You also mentioned other types of neural networks. These are not aimed at accumulating state along a sequence, such as your boolean sequence of red/blue inputs. However, your second image suggests that there might be pattern in the sequence of counts of successive red/blue values. You could try using the past k counts as input to a plain feed-forward (i.e., non-recursive) neural network that predicts the probability of the next measurement having the same color as the current one. - Maybe that works with a single layer, or maybe two or even three work better; experimentation will tell. This is a less fancy approach than an RNN, but if it works good enough, it gives you a simpler solution with fewer technicalities to worry about.

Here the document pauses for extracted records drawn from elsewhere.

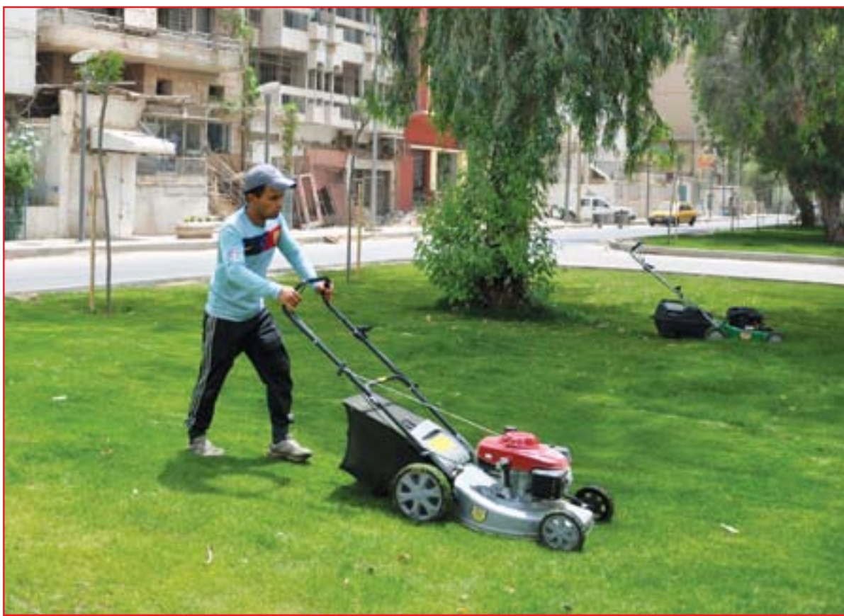
حملة تنظيف في حدائق بغداد بعد موجة أمطار ورياح.....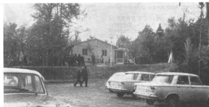
Ob otvoritvi turističnega centra »Črni les«.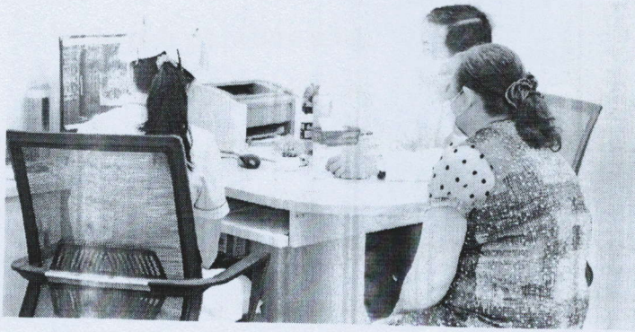
Hình ảnh 4: Vị trí người bệnh ngồi để được khám rộng rãi, thoải mái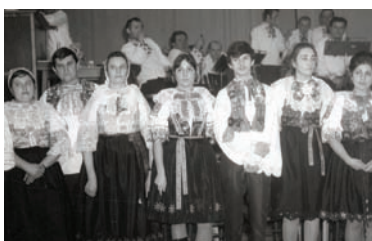
Folklorne pásmo „Svadba“ 24. 2. 1973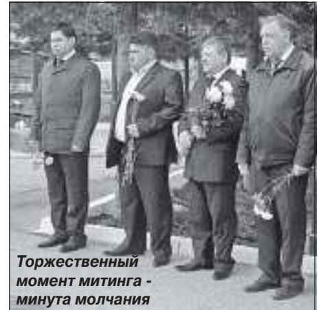
Торжественный момент митинга - минута молчания

Вечная память о героях будет жить в наших сердцах.

CNNs (convolutional neural networks) would not be my first choice here. These aim to discover a set of fixed-scale features at various places in the input, for example, some texture or curved edge anywhere in an image. But you only want to predict one next item that extends your input sequence. A plain neural network (see above) may discover useful patterns on the k previous values, and training it with all earlier partial sequences will help it find those patterns. The CNN approach would help to discover them during prediction at long-gone parts of the input; I have no intuition why that would help.